Clause 5 ordered to stand part of the Bill.

Clauses 6 to 8 ordered to stand part of the Bill.

New clause 1


    `There shall be paid out of money provided by Parliament—

    (a) any expenses of the Secretary of State under this Act; and

    (b) any increase attributable to this Act of the sums payable under any other Act.'.

Brought up, and read the First time.

Mr. Randall: I beg to move, That the clause be read a Second time.

The new clause is the result of the money resolution that the Minister moved last week, which we want to include in the Bill. On that occasion, the Minister spoke much more eloquently than I could have done and I defer to him now.

Mr. Meacher: I thank the hon. Gentleman for his remarks. In our view, considerable further work is required to assess the Bill's regulatory impact on both the private and public sectors. We shall consider the impact of any costs, but the Government are happy to accept the new clause.

Question put and agreed to.

Clause read a Second time, and added to the Bill.

New clause 2

Ministerial guidance as respects

marine areas of special interest

    `.—(1) The Secretary of State (as regards England) and the National Assembly for Wales (as regards Wales) shall from time to time prepare codes.

    (2) For the purposes of subsection (1), section 33 of the Wildlife and Countryside Act 1981 (ministerial guidance as respects marine areas of special interest) applies, where references to sections 28 to 32 should be read as sections 1 to 6 of this Act.'.
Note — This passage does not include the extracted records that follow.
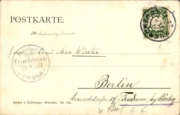 Zustand siehe Scan, 1903, gelaufen - ca 14 cm X 9 cm
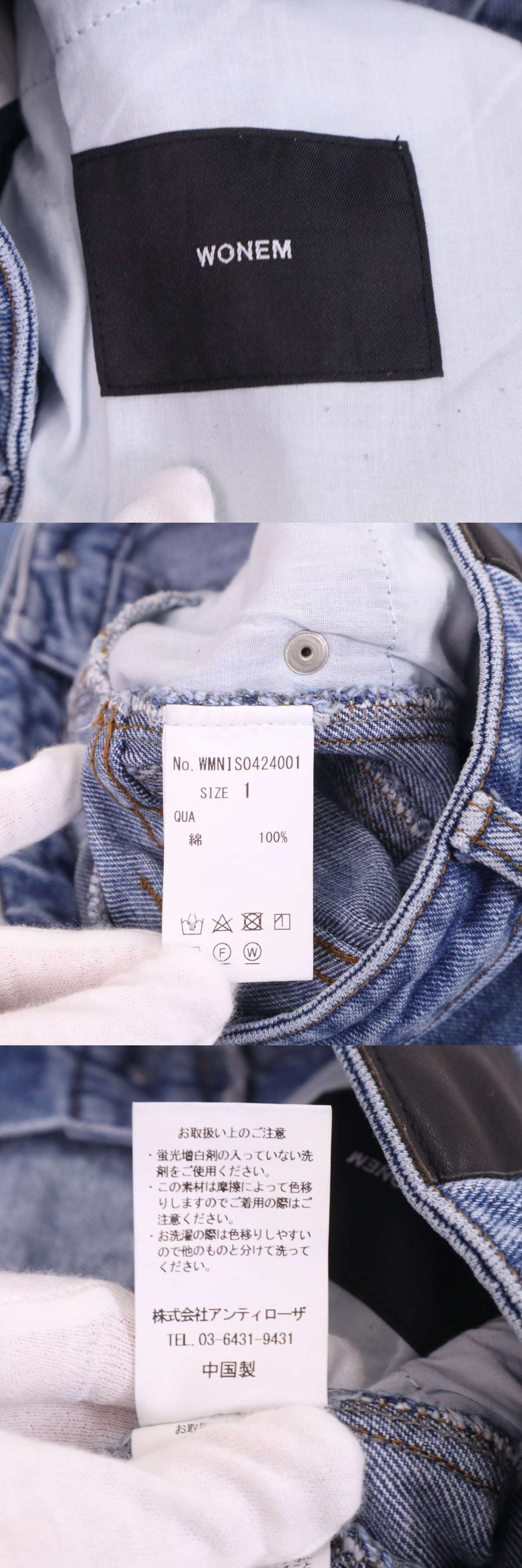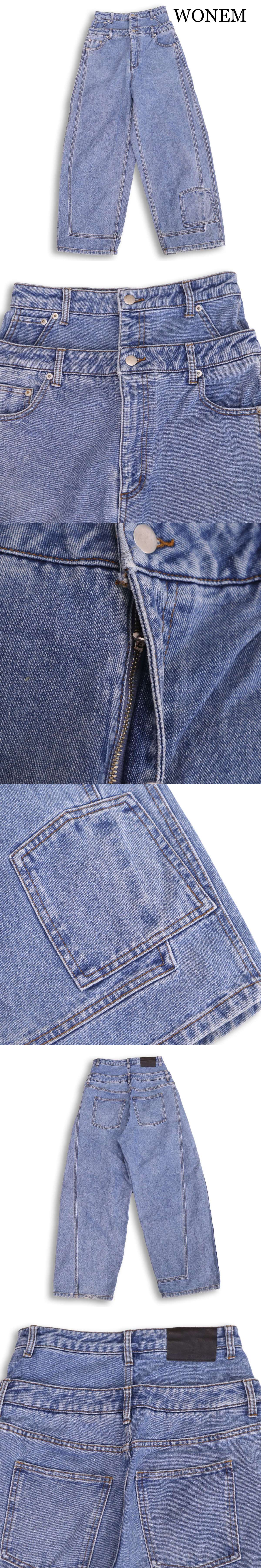 WONEM ウォンエム USED加工♪ ヘムポケット ダブルウエスト デニム パンツ ジーンズ Sz.1 レディース 收藏
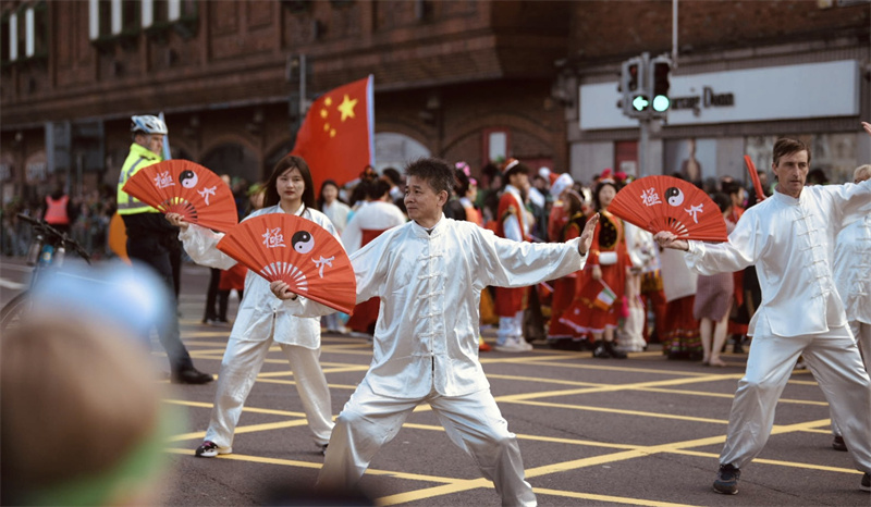 科克大學(xué)孔子學(xué)院攜手華僑華人、中國留學(xué)生等150余人,共同組織了一支獨(dú)具中國特色的游行方隊(duì)。隊(duì)伍的最前端是兩名旗手執(zhí)中愛兩國國旗,象征著中愛兩國的友誼長存,太極功夫扇展示了中國傳統(tǒng)武術(shù)的力與美,少數(shù)民族服裝、傳統(tǒng)漢服、戲曲服飾等等展示了中國豐富多彩的風(fēng)情與文化底蘊(yùn)??瓶舜髮W(xué)的精彩展示獲得了由科克市政府頒發(fā)的最佳組織獎。

Brought up, and read the First time.

Mr. Randall: I beg to move, That the clause be read a Second time.

This matter has already been touched upon. The purpose of the new clause is to require the Secretary of State in England and the National Assembly in Wales to develop codes of guidance relating to the implementation of the Act.

During my consultations with interested parties after Second Reading, one problem that arose frequently was that people were unclear about the implications of the Bill, especially in relation to the selection of MSSIs. It was always the intention to develop site selection guidelines, but they did not appear in the Bill. Section 33 of the Wildlife and Countryside Act 1981 requires the Minister, in consultation with others, to develop codes of guidance. Such codes should provide guidance to those exercising functions under the SSSI provisions of the Act and to those who might be affected by those provisions.

The codes are subject to parliamentary approval. The new clause would apply section 33 of the 1981 Act to the provisions of this Bill. It would require the Secretary of State in England and the National Assembly in Wales to publish statutory codes of guidance to advise and guide both competent marine authorities and those affected by the Bill. Although it is not explicitly stated, such codes could include agreed guidelines and thresholds for the selection of MSSIs.